Image: Sean McCormick
Tony Geraci, the food-service director for Baltimore’s public schools, doesn’t look like a reformer. He’s no nutritionist or lunch lady. He’s a stocky, blunt guy who grew up in the projects of New Orleans—“I know what welfare cheese tastes like”—and faced weight problems and diabetes. He owned and operated six successful restaurants before working as a food broker for 14 years. He was a professional race-car driver. Yet Geraci, 52, is one of several go-ahead national leaders whose names always come up at conferences on childhood obesity and school nutrition when charismatic dreamers have been dismissed and everyone is in despair over how to get children, especially poor children, to eat better food.
It’s his business experience, Geraci told me when I recently met him, that helps him push through the kinds of changes he made, and made fast, as soon as he got to Baltimore last summer.

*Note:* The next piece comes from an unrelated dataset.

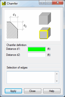 - In the Selection of edges field, specify (or highlight in the drawing area) edges (at least 2 edges) for which a chamfer is to be defined.
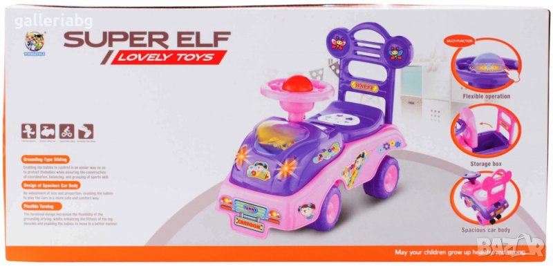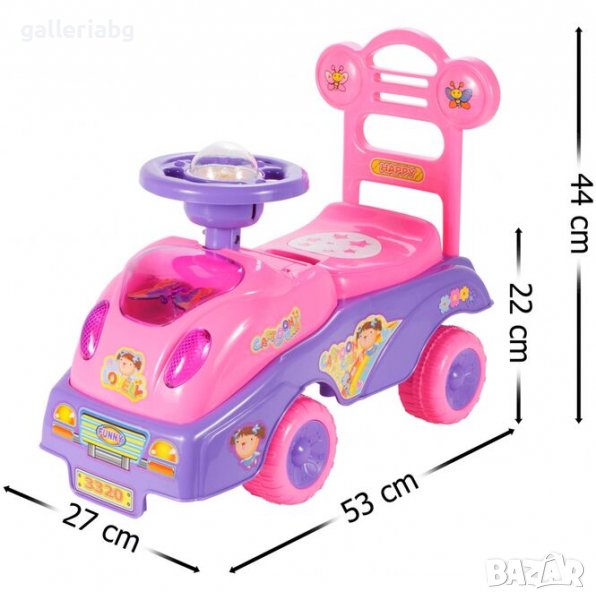 Кола за каране, която осигурява страхотно забавление на детето. Оборудванa е с отделение за съхранение под седалката, клаксон във волана и удобна седалка с подвижна облегалка. Освен това, след поставяне на батерията, ride-on възпроизвежда 17 различни мелодии.

Vending machines? They were already out of all but the high schools, and he “got rid of the crap food” in the ones that were left. “You’re in charge of what’s in them,” he said, to my surprise, as so many of his colleagues had told me that schools are addicted to their share of the profits. All it takes, he said, is the backing of the school board and its “wellness policy,” which every district must now write to get federal meals funding. Geraci redirected the profits away from the principals and coaches who generally get them and toward food programs—something he highly recommends, even if it takes some wrestling.